Ini bukan realisme sosial seperti pada era pelukis Lekra, melainkan realisme eksistensial, menyoroti kondisi batin, kehilangan arah, dan perjuangan dalam sistem modern. Dunia yang semakin paradoksal digambarkan Chris dengan kenaifan manusia modern, sebuah potret realitas sosial yang diliputi: ambisi, keterasingan, dan daya tahan manusia modern. Tokohnya adalah orang-orang yang hidup dalam sistem anonim, akrab, namun penuh dilema.
Ada yang menarik dalam pameran kali ini adalah adanya semacam keunikan , di mana seperti sang seniman melakukan pengelompokan karya dengan 3 teknik melukis yang berbeda cukup signifikan. Pertama satu lukisan dengan gaya seni renaisans yang berjudul ‘Shameful Throne’, kedua berjudul ‘Apostle’ yang lebih menggambarkan teknis melukis realisme fotografis begitu sublim, sedangkan serie ‘Penyintas’ gaya melukis Chris sedikit bergeser ke gaya comical yang paletnya lebih kasar dan namun kuat, meski tetap realis namun tidak menonjolkan efek getir.

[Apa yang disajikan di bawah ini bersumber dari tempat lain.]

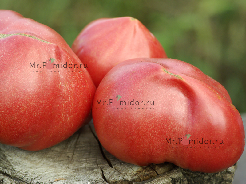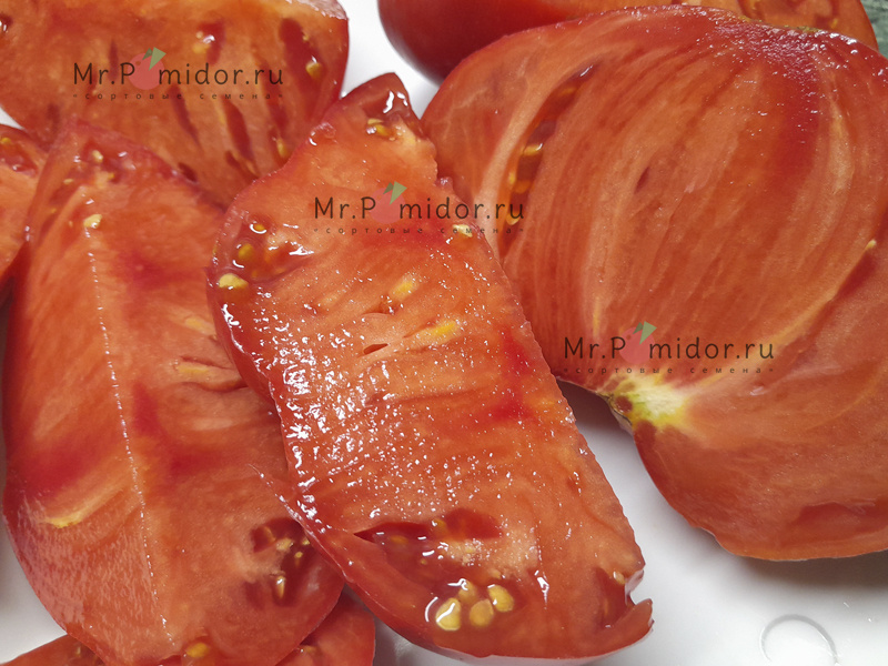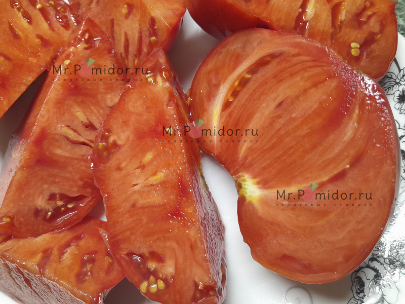 Индет, высокорослый, среднего срока созревания. Плоды сердцевидные, малинового цвета, массой от 300 г и более. Мякоть плотная, сладкая и ароматная, с небольшим количеством семян, очень вкусная.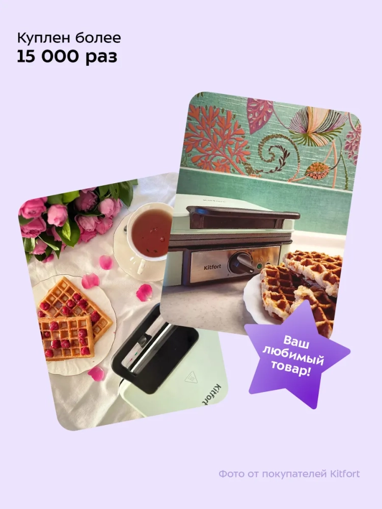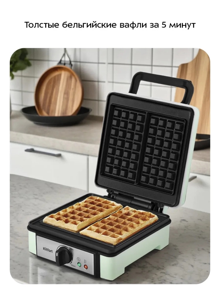 Электрическая вафельница Kitfort КТ-1693 — это идеальный бытовой прибор для приготовления вкусных и ароматных бельгийских вафель. С помощью этой электровафельницы вы сможете насладиться выпечкой, которая порадует всю семью. Вафельница оснащена индикатором питания и термостатом, что позволяет поддерживать постоянную температуру поверхностей для равномерного выпекания каждой вафли. Индикатор включения и отключения нагрева приспособления обеспечивает удобство в использовании.

Chris sendiri mengaku senirupa konstektual Jogyakarta cukup mempengaruhi karya-karyanya. Sebagai seniman autodidak berlatar belakang pendidikan sejarah, tentu karya seni yang ditampilkan Alexander Chris merupakan suatu hal yang menarik dan perlu diapresiasi. Kedalaman dalam menggali subject matter setiap tema karyanya akan mempengaruhi karir melukisnya di masa yang datang. Tentu jika ethos kesenimanan digabungkan dengan intensitas riset yang mendalam maka sangat terbuka peluang menghasilkan karya seni yang kuat di masa depan.***
Lucky L. Hakim (seni.co.id)
Pameran Alexander Chris di Galeri Orbital Dago, Jl. Rancakendal No.7, Cigadung, Kota Bandung berlangsung sampai 9 November 2025.